--- PROBLEM ---
Reproduce nothing beyond the line containing "목록 61회 부산 코믹월드". From the first line of the data below down to it, copy each line exactly, without the pictures.

Stored entries
= = = = = = =

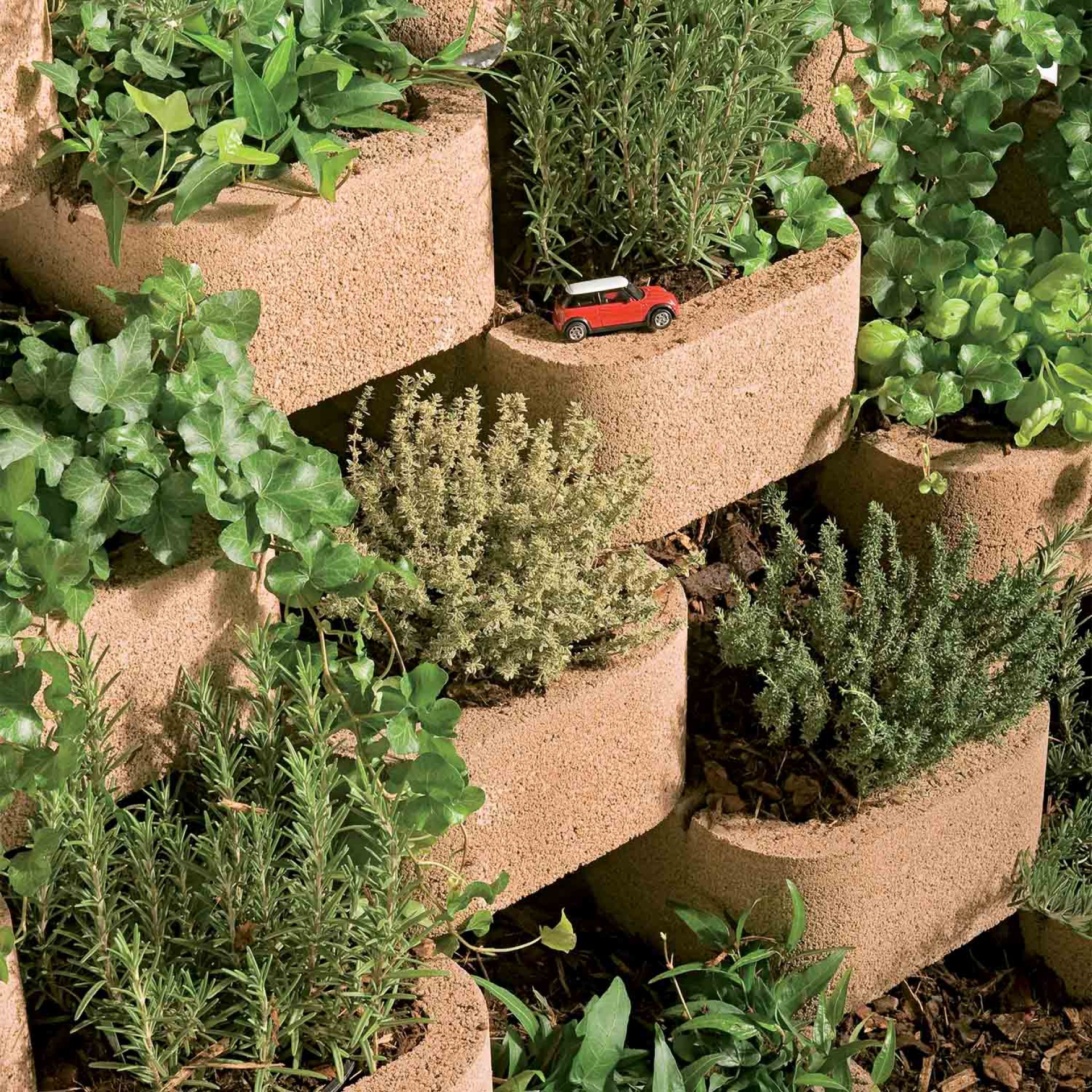 - Az elemek lépcsőzetes egymásra építésével kialakuló térrendszer kedvez a növényeknek
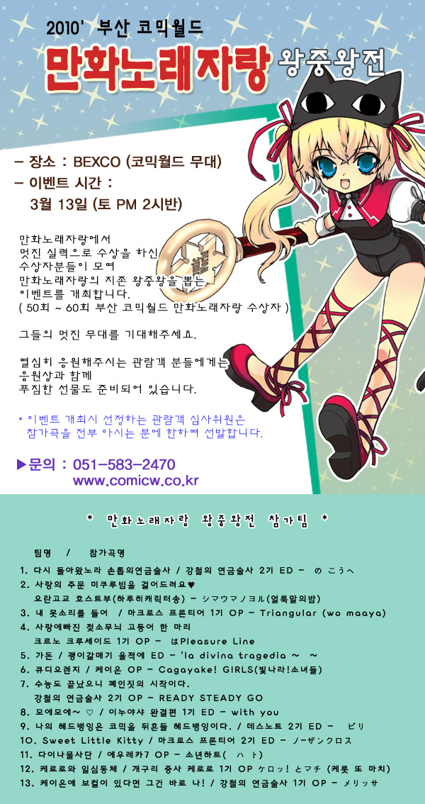 목록 61회 부산 코믹월드 만화노래자랑 왕중왕전(3/13 토 2시반) 페이지 정보 작성자 코믹월드 댓글 0건 조회 2,914회 작성일 10.03.05 본문 * 많은 성원과 관심 부탁드려요. * 코믹월드님에 의해서 게시물 복사되었습니다 (2010-03-05 16:30) 행사정보 코믹월드 문구전
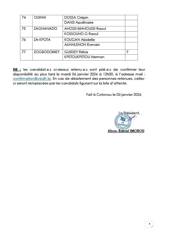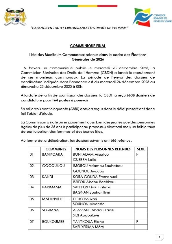 La Commission béninoise des droits de l’homme (CBDH) a publié la liste des moniteurs communaux retenus pour le suivi des élections générales de 2026. Au total, 164 moniteurs ont été sélectionnés à l’issue du processus de recrutement.
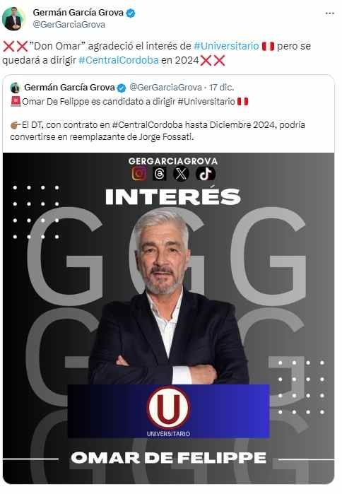 Ahora, en la búsqueda de un nuevo DT volvieron a recibir el ‘no’. Se trata del estratega Omar de Felippe, que dirige Central Córdova. Hace unos días, el periodista deportivo argentino, Germán García, reveló que el entrenador era candidato de la directiva de Universitario ante la prematura salida de Jorge Fossati. Sin embargo, hoy mismo el periodista mencionó que ‘Don Omar’ prefirió quedarse en el equipo argentino. “‘Don Omar’ agradeció el interés de Universitario, pero se quedará a dirigir Central Córdoba en 2024”, publicó el comunicador por medio de su cuenta de ‘X’ (antes llamado Twitter). Apuesta en Betsson a los partidos de las mejores ligas del mundo y recibe un bono de bienvenida de 50 soles.
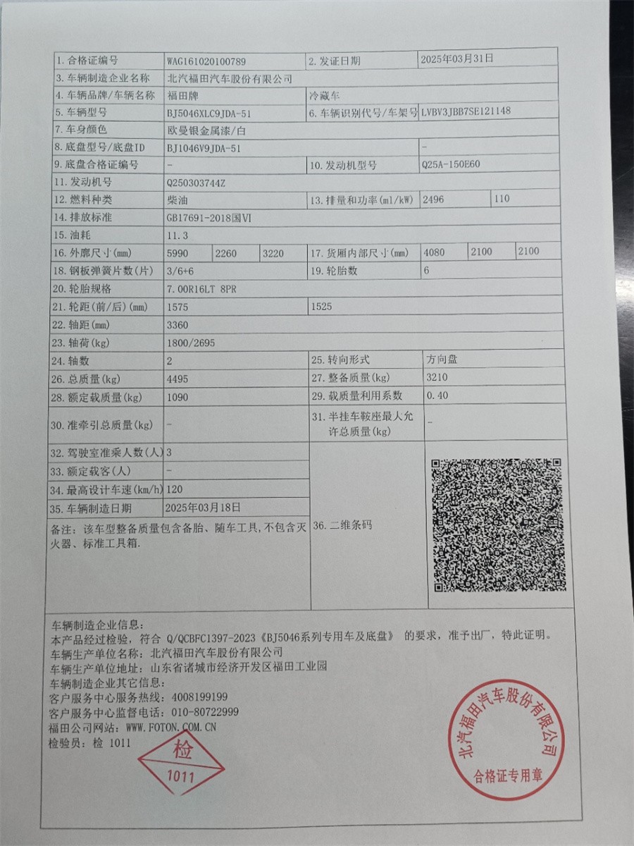 福田領(lǐng)航M5-全柴150馬力冷藏車
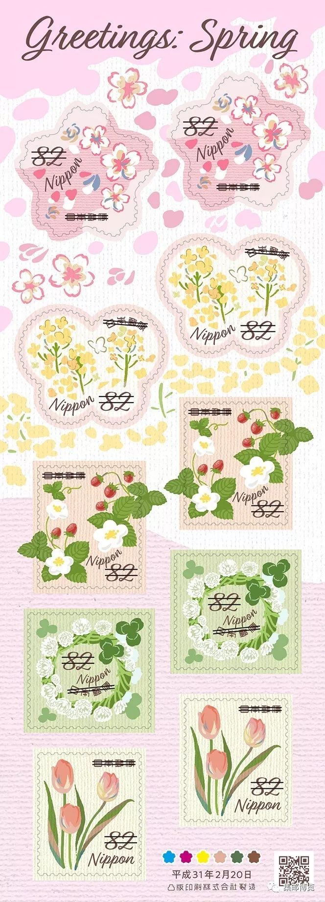 2019年2月20日,日本邮政发行一套《春季问候》邮票,包括两枚小版张10种20枚邮票,花鸟图案设计色彩淡雅,属于典型的日本风格。

= = = = = = =

--- THE ANSWER ---
 - Az elemek lépcsőzetes egymásra építésével kialakuló térrendszer kedvez a növényeknek
 목록 61회 부산 코믹월드 만화노래자랑 왕중왕전(3/13 토 2시반) 페이지 정보 작성자 코믹월드 댓글 0건 조회 2,914회 작성일 10.03.05 본문 * 많은 성원과 관심 부탁드려요. * 코믹월드님에 의해서 게시물 복사되었습니다 (2010-03-05 16:30) 행사정보 코믹월드 문구전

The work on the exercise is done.